Attention-Informed Surrogates for Navigating Power-Performance Trade-offs in HPC
This work addresses the challenge of optimizing node allocation for HPC schedulers, offering an incremental improvement through embedding-informed surrogates.
The paper tackled the problem of balancing performance and power in HPC scheduling by developing a surrogate-assisted multi-objective Bayesian optimization framework, which consistently identified higher-quality Pareto fronts on production datasets and reduced training costs.

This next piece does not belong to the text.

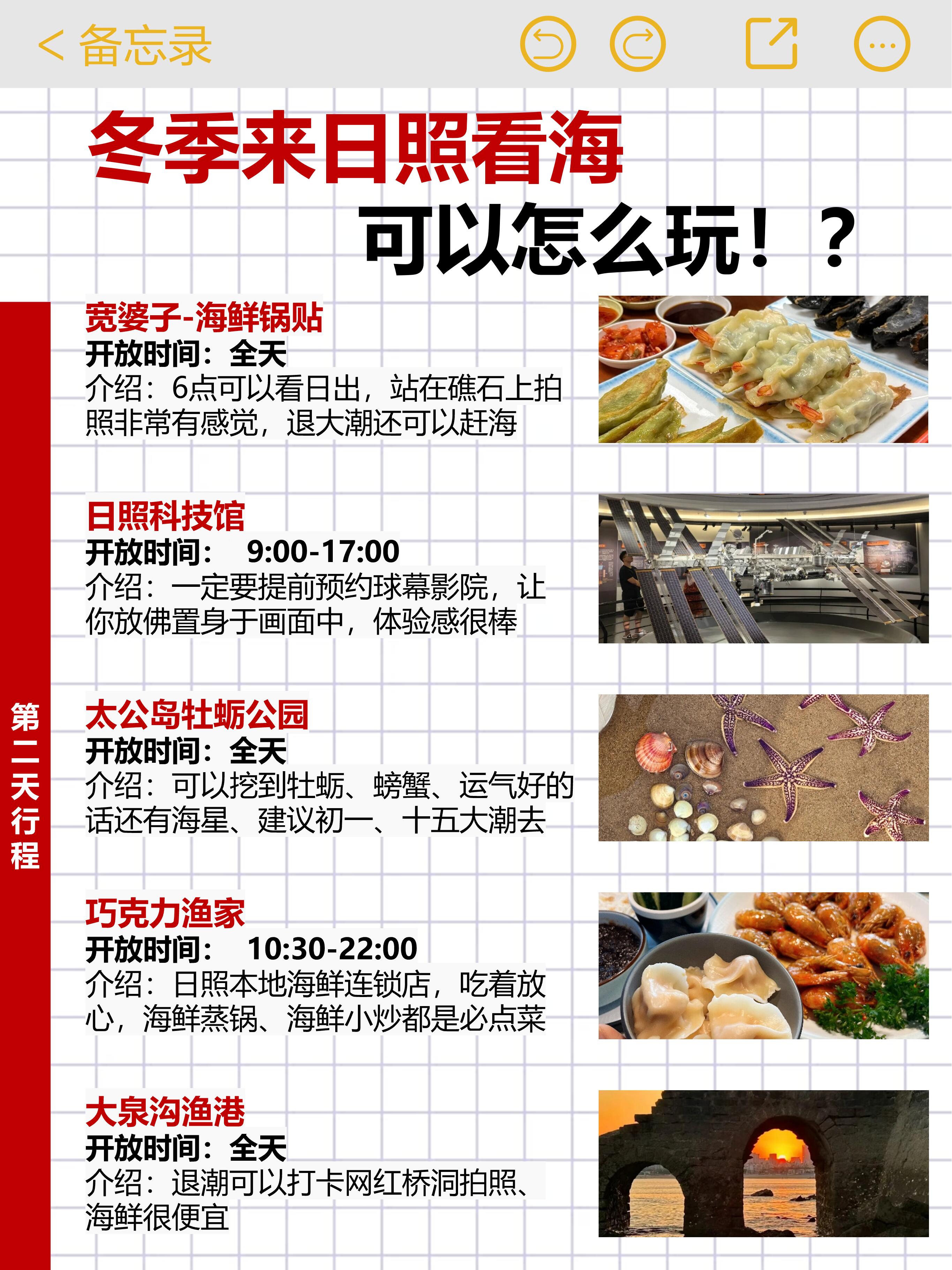 想要最近去日照的,可以直接复制这份攻略!可以省下很多筹备时间~行程安排、住宿、美食、景点写的很详细啦~

High-Performance Computing (HPC) schedulers must balance user performance with facility-wide resource constraints. The task boils down to selecting the optimal number of nodes for a given job. We present a surrogate-assisted multi-objective Bayesian optimization (MOBO) framework to automate this complex decision. Our core hypothesis is that surrogate models informed by attention-based embeddings of job telemetry can capture performance dynamics more effectively than standard regression techniques. We pair this with an intelligent sample acquisition strategy to ensure the approach is data-efficient. On two production HPC datasets, our embedding-informed method consistently identified higher-quality Pareto fronts of runtime-power trade-offs compared to baselines. Furthermore, our intelligent data sampling strategy drastically reduced training costs while improving the stability of the results. To our knowledge, this is the first work to successfully apply embedding-informed surrogates in a MOBO framework to the HPC scheduling problem, jointly optimizing for performance and power on production workloads.